We will undertake meta‐analyses only where this is meaningful, that is if the treatments, participants, and the underlying clinical question are similar enough for pooling to make sense.

Unit of analysis issues

We will include both RCTs and non‐randomised study designs. The unit of analysis will be the participants. For studies with more than two arms, we will combine groups to make a single pair‐wise comparison. In a trial that compares the magnesium arm with two treatment groups, we will divide magnesium arm participant numbers between comparisons to avoid double‐counting magnesium sulphate participants.

Dealing with missing data

We will contact investigators or study sponsors to verify key study characteristics and to obtain missing numerical outcome data where possible (e.g. when a study is identified as abstract only). Where this is not possible, and the missing data are thought to introduce high risk bias, we will explore the impact of including such studies in the overall assessment of results by a sensitivity analysis.

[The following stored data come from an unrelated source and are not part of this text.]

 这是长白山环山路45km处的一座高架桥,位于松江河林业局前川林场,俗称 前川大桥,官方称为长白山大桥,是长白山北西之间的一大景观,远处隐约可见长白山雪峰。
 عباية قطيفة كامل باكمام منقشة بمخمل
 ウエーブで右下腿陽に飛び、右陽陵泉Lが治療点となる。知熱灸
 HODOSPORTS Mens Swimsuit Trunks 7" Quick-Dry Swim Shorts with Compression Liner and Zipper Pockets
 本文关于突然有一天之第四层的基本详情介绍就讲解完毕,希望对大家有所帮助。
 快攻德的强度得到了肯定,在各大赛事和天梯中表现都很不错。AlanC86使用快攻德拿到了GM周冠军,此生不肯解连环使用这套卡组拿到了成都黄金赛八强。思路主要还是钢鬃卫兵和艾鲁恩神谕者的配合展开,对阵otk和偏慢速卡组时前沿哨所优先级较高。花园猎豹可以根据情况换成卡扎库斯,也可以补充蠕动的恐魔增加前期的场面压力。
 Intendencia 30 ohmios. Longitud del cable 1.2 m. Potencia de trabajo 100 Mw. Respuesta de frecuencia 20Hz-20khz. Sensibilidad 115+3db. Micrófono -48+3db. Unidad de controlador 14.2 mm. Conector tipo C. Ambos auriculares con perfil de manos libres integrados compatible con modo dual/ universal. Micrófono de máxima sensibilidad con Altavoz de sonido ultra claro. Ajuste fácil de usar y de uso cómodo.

If numerical outcome data such as standard deviations or correlation coefficients are missing, and they cannot be obtained from the study authors, we will calculate them from other available statistics such as P values according to the methods described in the Cochrane Handbook for Systematic Reviews of Interventions (Higgins 2011).

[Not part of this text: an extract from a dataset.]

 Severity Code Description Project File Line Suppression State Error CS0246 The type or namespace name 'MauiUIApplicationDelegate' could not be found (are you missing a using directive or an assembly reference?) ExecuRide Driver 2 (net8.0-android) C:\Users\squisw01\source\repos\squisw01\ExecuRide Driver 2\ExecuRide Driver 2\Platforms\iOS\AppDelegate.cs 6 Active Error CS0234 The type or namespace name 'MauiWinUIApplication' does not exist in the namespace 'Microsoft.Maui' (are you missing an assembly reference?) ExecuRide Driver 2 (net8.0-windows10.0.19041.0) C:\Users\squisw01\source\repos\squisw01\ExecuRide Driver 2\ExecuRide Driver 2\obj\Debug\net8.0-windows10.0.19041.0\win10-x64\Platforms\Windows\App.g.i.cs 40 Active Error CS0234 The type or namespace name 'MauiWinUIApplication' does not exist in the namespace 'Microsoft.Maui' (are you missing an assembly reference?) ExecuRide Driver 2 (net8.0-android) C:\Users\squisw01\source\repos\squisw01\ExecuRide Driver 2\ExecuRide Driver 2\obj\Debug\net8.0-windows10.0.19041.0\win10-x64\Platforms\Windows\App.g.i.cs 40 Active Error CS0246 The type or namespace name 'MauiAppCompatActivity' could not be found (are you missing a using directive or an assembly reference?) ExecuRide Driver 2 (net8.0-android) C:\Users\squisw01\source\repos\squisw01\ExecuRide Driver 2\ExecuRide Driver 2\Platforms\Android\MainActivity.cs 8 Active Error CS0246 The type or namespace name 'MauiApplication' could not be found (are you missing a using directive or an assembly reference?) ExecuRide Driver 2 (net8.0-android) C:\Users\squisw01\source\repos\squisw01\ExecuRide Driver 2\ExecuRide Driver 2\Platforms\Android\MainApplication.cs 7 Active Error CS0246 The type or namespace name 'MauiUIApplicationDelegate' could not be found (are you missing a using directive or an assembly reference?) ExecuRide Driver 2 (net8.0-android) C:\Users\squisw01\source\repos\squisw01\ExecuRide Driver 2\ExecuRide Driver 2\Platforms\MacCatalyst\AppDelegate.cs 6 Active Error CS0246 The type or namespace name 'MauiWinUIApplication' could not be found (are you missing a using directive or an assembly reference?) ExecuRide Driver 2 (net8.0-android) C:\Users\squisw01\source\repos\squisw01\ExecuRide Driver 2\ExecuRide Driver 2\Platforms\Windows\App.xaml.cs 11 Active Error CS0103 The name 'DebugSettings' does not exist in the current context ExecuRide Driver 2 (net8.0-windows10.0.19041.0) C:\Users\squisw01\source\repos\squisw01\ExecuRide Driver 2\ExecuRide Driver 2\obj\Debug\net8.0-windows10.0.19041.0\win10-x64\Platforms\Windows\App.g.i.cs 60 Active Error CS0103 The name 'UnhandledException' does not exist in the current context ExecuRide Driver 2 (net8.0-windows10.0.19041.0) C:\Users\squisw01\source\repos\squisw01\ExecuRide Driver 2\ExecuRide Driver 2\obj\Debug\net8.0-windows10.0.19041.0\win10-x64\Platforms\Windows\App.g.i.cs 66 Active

Assessment of heterogeneity

We will use the I² statistic to measure heterogeneity among the trials in each analysis. If we identify substantial heterogeneity, we will report it and explore possible causes by prespecified subgroup analysis.

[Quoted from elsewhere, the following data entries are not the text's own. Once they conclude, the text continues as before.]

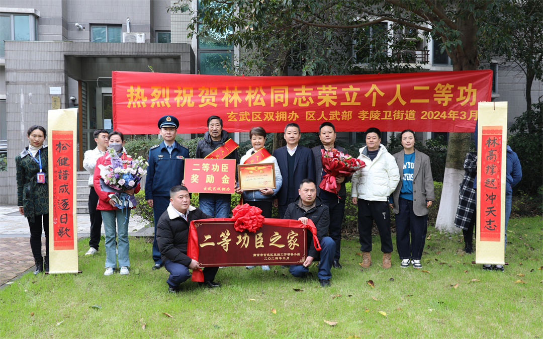 图为3月26日,南京市玄武区军地送喜小组为二等功臣家庭送上喜报和嵌名贺联。贾玉川 摄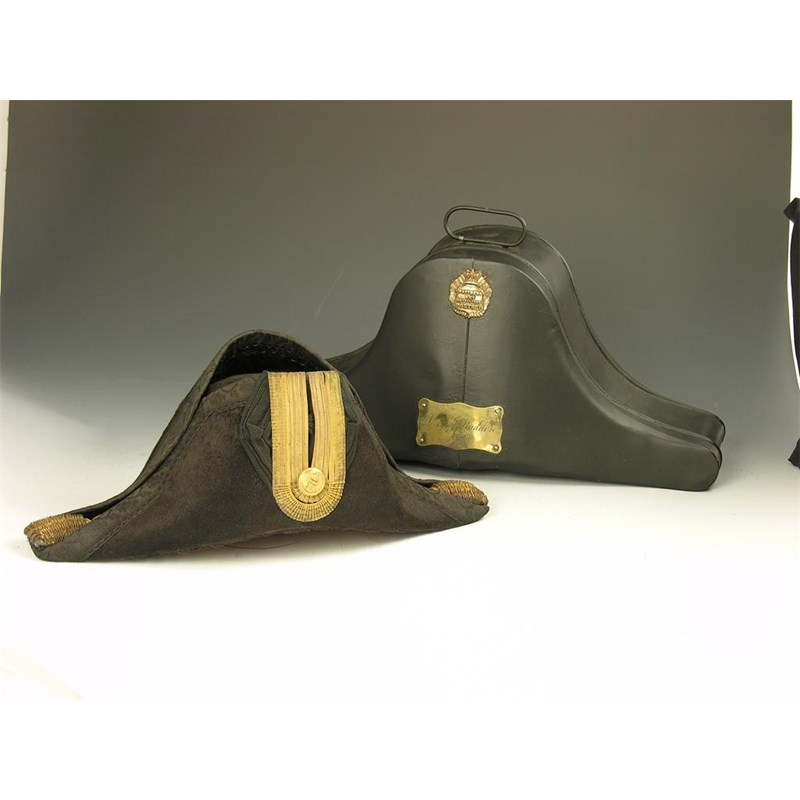 A naval bicorn hat, by Matthews & Co, Portsea, Portsmouth, size 6 7/8, 16in (40.5cm) w, in a fitted tin box with brass trade label and owner's plaque inscribed Dr H. J. Hadden, R. N. Box re-painted.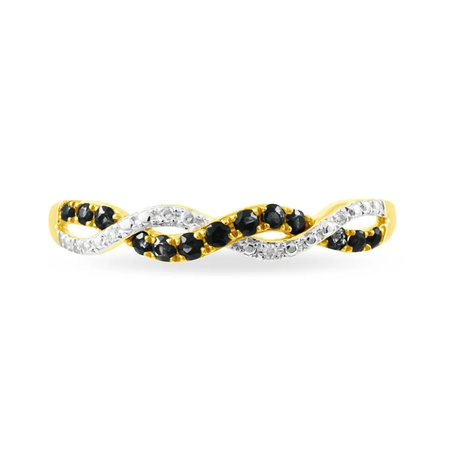 Bague Or Jaune 375/1000 Diamants Noirs Et Blancs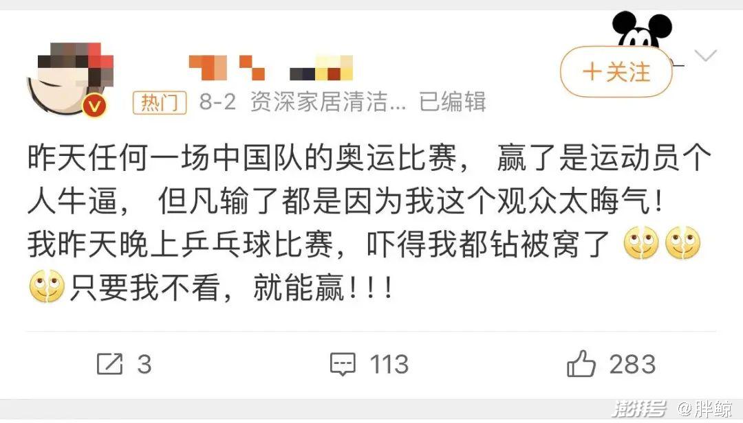 理性来说,奥运会时有输赢,而输赢往往与运动员在赛场上的状态、表现相关,但远在千里之外的国内观众,隔着屏幕相望,也会担心自己的一呼一吸会影响运动员发挥、影响赛况。这正说明了竞技体育无可比拟的刺激性和观赏性。

We will consider an I² statistic of more than 50% or a Chi² test for heterogeneity that gives a P value of less than 0.10 as substantial heterogeneity (Higgins 2011).

Assessment of reporting biases

If we are able to pool more than 10 trials, we will create and examine a funnel plot to explore possible small‐study and publication biases.

Data synthesis

We will pool data from studies that we judge to be clinically homogeneous using Review Manager 5 software (Review Manager 2014). If more than one eligible study provides usable data in any single comparison, we will perform a meta‐analysis. If both RCTs and non‐randomised study designs are available, we will pool results for analysis by study type.

We expect the studies identified in the searches to differ in terms of intervention dose, route of delivery, and study location. As these factors could affect our results, we will use the random‐effects model to analysis the results.

Subgroup analysis and investigation of heterogeneity

If data permit, we plan to carry out the following subgroup analyses:

1. according to age (children aged up to 12 months versus children aged from 12 to 24 months);

2. according to the setting (outpatient, emergency department, intensive care unit and admitted children);

3. according to disease severity; and

4. according to the treatment regimen for magnesium sulphate (route of administration, concentration, volume, interval, and duration).

We will use the Chi² test to test for subgroup interactions in Review Manager 5 (Review Manager 2014).

Sensitivity analysis

We plan to carry out the following sensitivity analyses if sufficient numbers of studies are available.

1. We will examine the effect of excluding studies assessed as at high risk of bias for primary outcomes.

2. We will examine the effect of excluding participants with poor prognostic risk factors.

3. We plan to exclude comparisons presenting outlier effect sizes. Outlier effect sizes are studies that appear to be separated from other studies on visual inspection. We will check the effect of exclusion of such outlying studies on the analysis. If we find a substantial change, we will consider that study as an influential study.